The Albert Effect: his Journey to 700

“Because it was Pujols and it was 2006, he crushed a homerun to DEEP LEFT FIELD and walked-off that win. Alec had a perfect view of the ball launched into the stands, and I had a perfect view of the smile on Alec’s face,” said teacher Barry Crook, describing taking his son to his first ball game in 2006.

One of the Cardinals largest signings this off-season was bringing Albert Pujols’ back for a one year, 2.5 million contract, which as of right now, is his last season. From an MLB standpoint, this is not a massive contract by any means, but due to the emotional implications for Cardinals fans, this deal was the best signing in many years. Albert has given St. Louis natives a whole new reason to root for the team. 

With fans hoping for a miracle in Pujols, Adam Wainwright, and Yadier Molina’s final season, the team has a chance at the World Series. Let’s call this effect on the fans, the “Albert Effect.” To understand why this means something to Cardinals fans, let’s look at Pujols’s history with the team.

Pujols has been a star since his rookie year in 2001. In just his first season, he managed to hit a .329 Batting Average (AVR) with 37 Home Runs (HR) and 130 Runs Batted In (RBI). Virtually no rookie has ever achieved these numbers, but overall, this was one of the better seasons any player has ever had. As a result, he finished 4th in MVP, while easily taking home the Rookie Of The Year award. This was only the start of Pujols’s effect on fans, and in the next 10 seasons he would wind up becoming a Cardinals icon.

By 2011, he held a near 1.000 On Base Plus Slugging (OPS),  with 445 career HR, well over 1000 RBI’s, over a .300 batting average up until 2011 season. In this stretch he reached four World Series, taking home two rings, eight MVP finalists winning three, eight All Star appearances, four Silver Sluggers, and two Gold Gloves. 

At this point, there was a fair argument to be made that this was the greatest start to an MLB career in history and was already a near lock in the hall of fame. However, after an incredible 2011 World Series run, heartbreak struck as Manager Tony La Russa and, most importantly, the fan favorite, Albert Pujols, would move on from the team. 

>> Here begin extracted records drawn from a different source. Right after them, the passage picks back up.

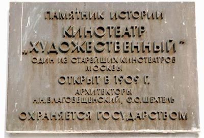 Кинотеатр «Художественный» был открыт на Арбатской площади в 1909 году. Первоначально он вмещал 400 человек, но со временем мест стало не хватать, и в 1912–1913 годах здание было перестроено в соответствии с проектом, предложенным архитектором Федором Шехтелем, вместительность зрительного зала возросла до 900 человек. В 1926 году в «Художественном» состоялась премьера фильма Сергея Эйзенштейна «Броненосец "Потемкин"».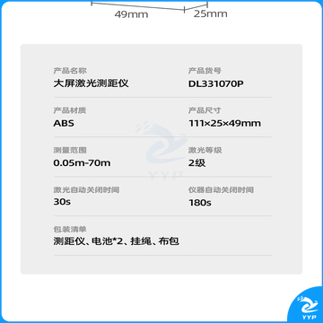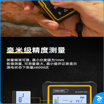 得力DL331070P 手持式大屏激光测距仪高精度电子尺红外量房仪电子水平泡70米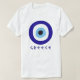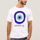Ce t-shirt d'été blanc pour homme grec maléfique est parfait si vous êtes grec ou si vous aimez la Grèce. Ce dessin comporte un dessin du symbole de protection oculaire grec avec le mot "Grèce" dans la police de style grec.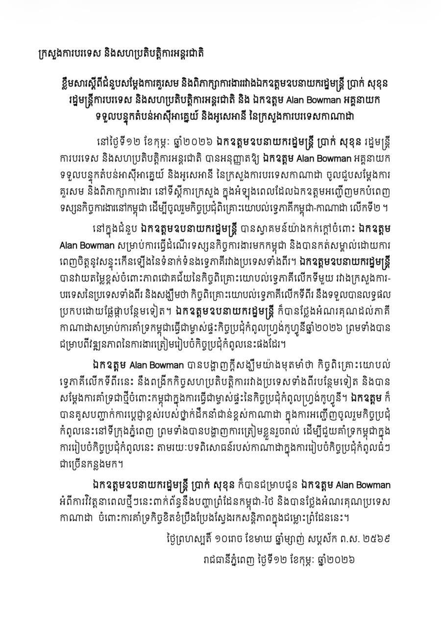 ឧបនាយករដ្ឋមន្ត្រី ប្រាក់ សុខុន ក៏បានជម្រាបជូន លោក Alan Bowman អំពីការវិវត្តនាពេលថ្មីៗនេះពាក់ព័ន្ធនឹងបញ្ហាព្រំដែនកម្ពុជា-ថៃ និងបានថ្លែងអំណរគុណប្រទេស កាណាដា ចំពោះការគាំទ្រកិច្ចខិតខំប្រឹងប្រែងស្វែងរកសន្តិភាពក្នុងជម្លោះព្រំដែននេះ៕
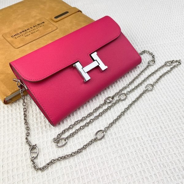 Hermes Bags Hermes Constance Chain Crossbody Bag p155 Model: 539-1 Palm Print Silver Buckle Size: 22*11cm Made of Empson cowhide, it feels soft comfortable. Exquisite elegant, with smooth straight edges. It has two bill inside, one zipper pocket, and 12 card slots for super large capacity, which can hold phone. Can be worn crossbody an underarm bag, chain length 120cm, detachable as a wallet or clutch, multi-use bag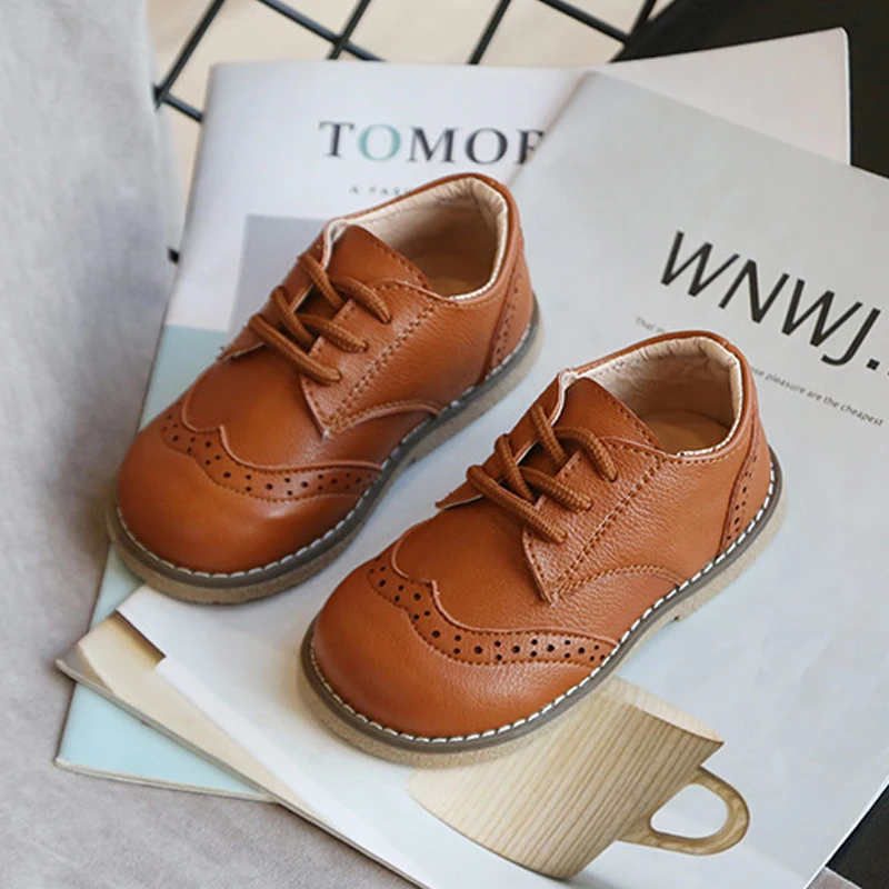 Броги SKOEX детские кожаные, на шнуровке, для мальчиков и девочек, туфли оксфорды повседневные, Нескользящие, мягкие
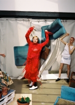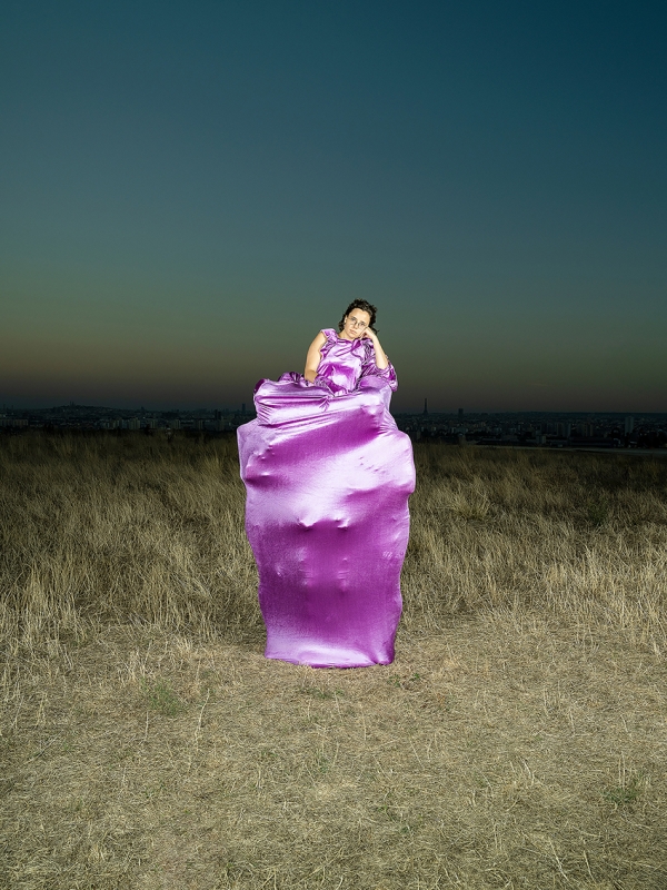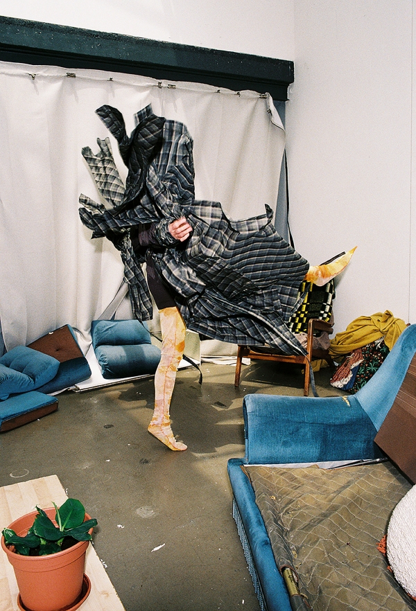 Borrowing from wardrobe codes and everyday aesthetics, Josiane experiments with clothing as if she knew nothing of its function or even the right way to put it on. She tests its resistance by pulling on it, cuts it to play with its structure, has it worn by a plant or a piece of furniture to see how it takes shape, tries to wear it in different ways to create tension.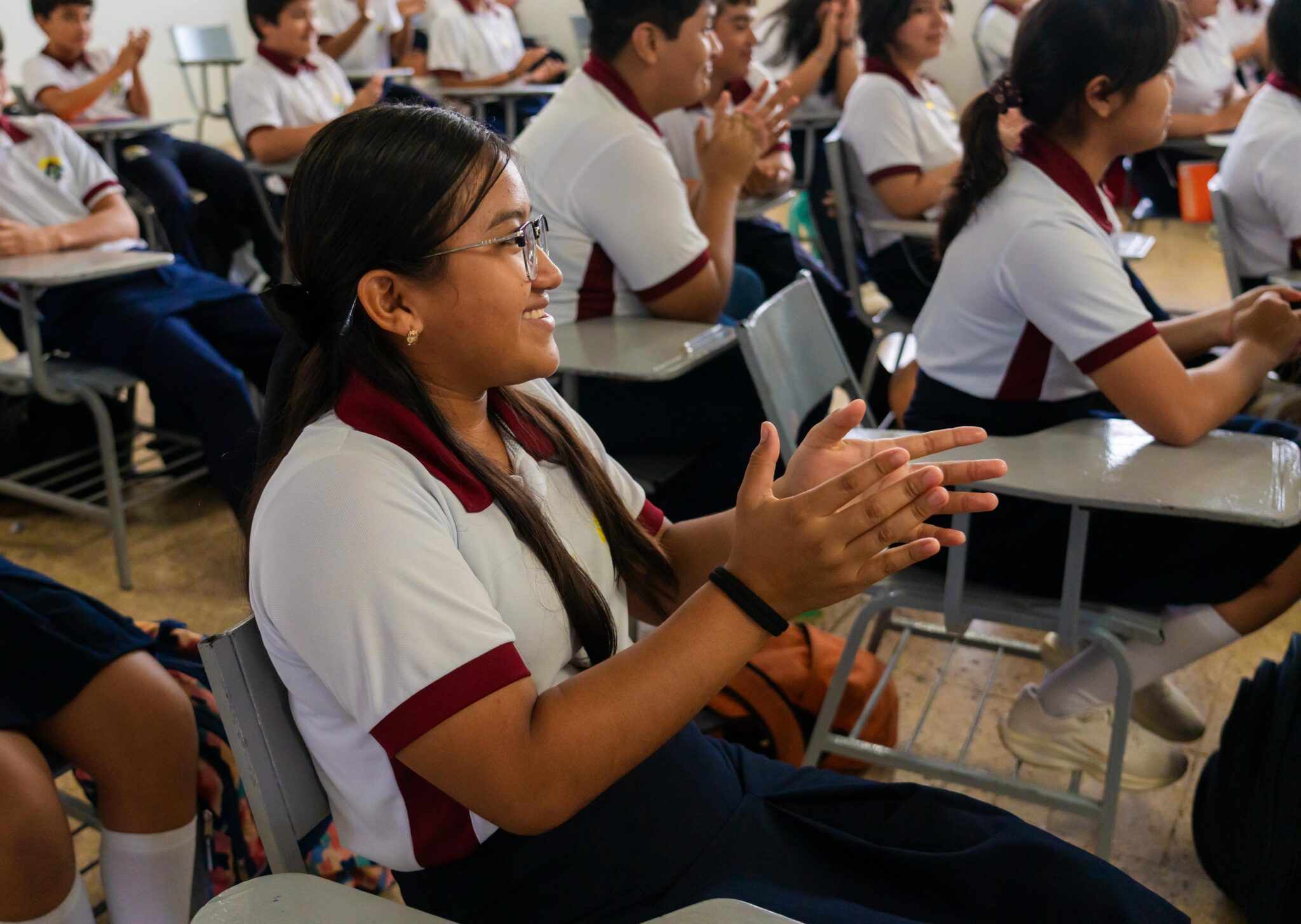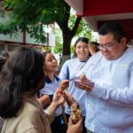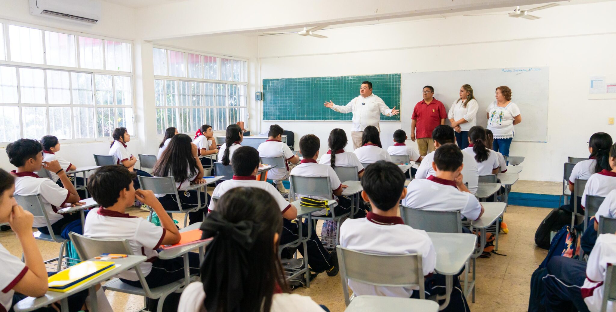 En compañía de la directora del colegio, Anny Beatriz Almeida Cetina, el presidente municipal ingresó a los salones de los grados tercero B y C, donde explicó a las y los estudiantes el objetivo de su gobierno: “Ustedes y sus profesores merecen calidad educativa. Todos ustedes merecen estar cómodos; esto es un tema de justicia social, porque queremos que no sufran lo que nosotros sufrimos cuando estudiamos, que estén contentos y cómodos para que le sigan echando ganas al estudio”, expresó el edil.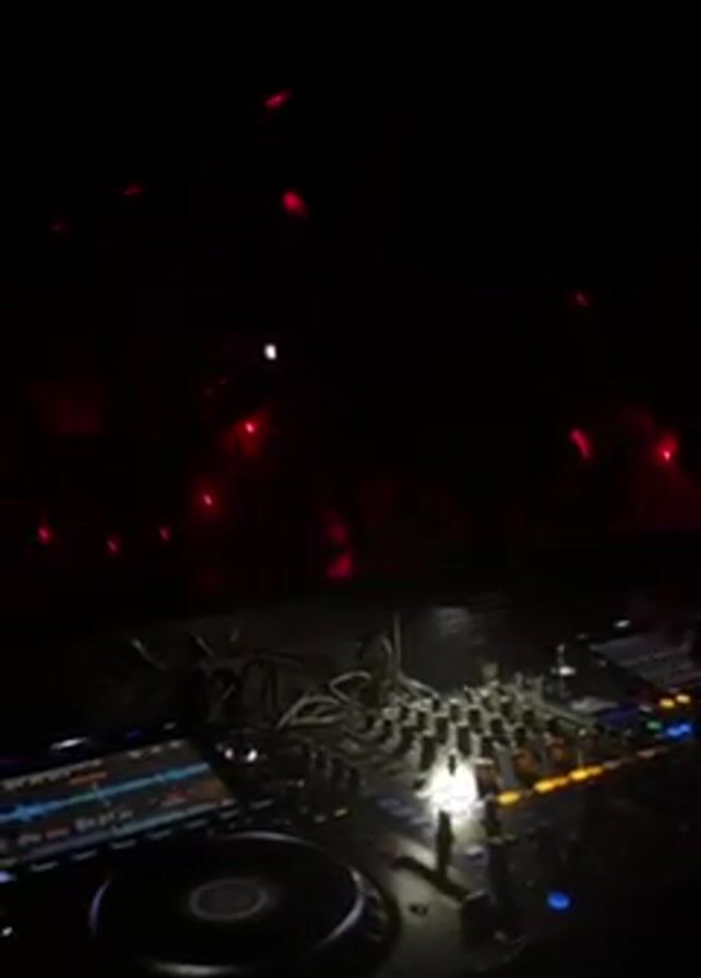 DJ booth in a dark nightclub, with red lights illuminating the crowd. The DJ equipment is in the foreground, with hands visible adjusting the controls. The crowd is visible in the background, dancing and enjoying the music. There are security personnel present in the crowd. The overall atmosphere is energetic and lively.

That off-season, the Angels would sign the superstar to a 10 year, $240 million contract, which, at the time, was the sixth highest AAV (average annual value) in the MLB. Unfortunately for Pujols, he would never come close to matching a season like those in St. Louis. 

However, the decline was not enough to stop him from a historic career. His career avr, was still hovering around .300, and he had tallied over 2000 Career RBI, 648 career home runs, and an OPS still well over .900. Pujols wound up being released in 2021 by the Angels and briefly signed with the Los Angeles Dodgers for the remainder of the year, before hitting the Free Agent Market that off-season. 

Despite receiving offers from three teams offering more money or playing time, in his heart he wanted to return to St. Louis. Entering this current 2022 season, Pujols entered it knowing he was on the road to 700. He started at just 679 and he hadn’t hit over 20 HR since 2019. To add to the struggle, he was looking at the least play time of his whole career. 

This season would quickly go down in history as one of the greatest in Cardinals’ history, as they would say goodbye to three icons who have been leading the team for decades. This year has been marked with great moments, such as seeing Pujols and Yadi pitch for the first time in their careers, and even seeing Pujols play in the All-Star Game. 

During the All Star Break in mid July,  the 700 HR goal was seeming impossible. More than halfway through the season he’d hit six of the 21 he needed while only notching 149 AB. However, the impossible slowly became more and more probable as the number decreased more and more. From that point on, Pujols went 29 for 79 with eight home runs in the month of August.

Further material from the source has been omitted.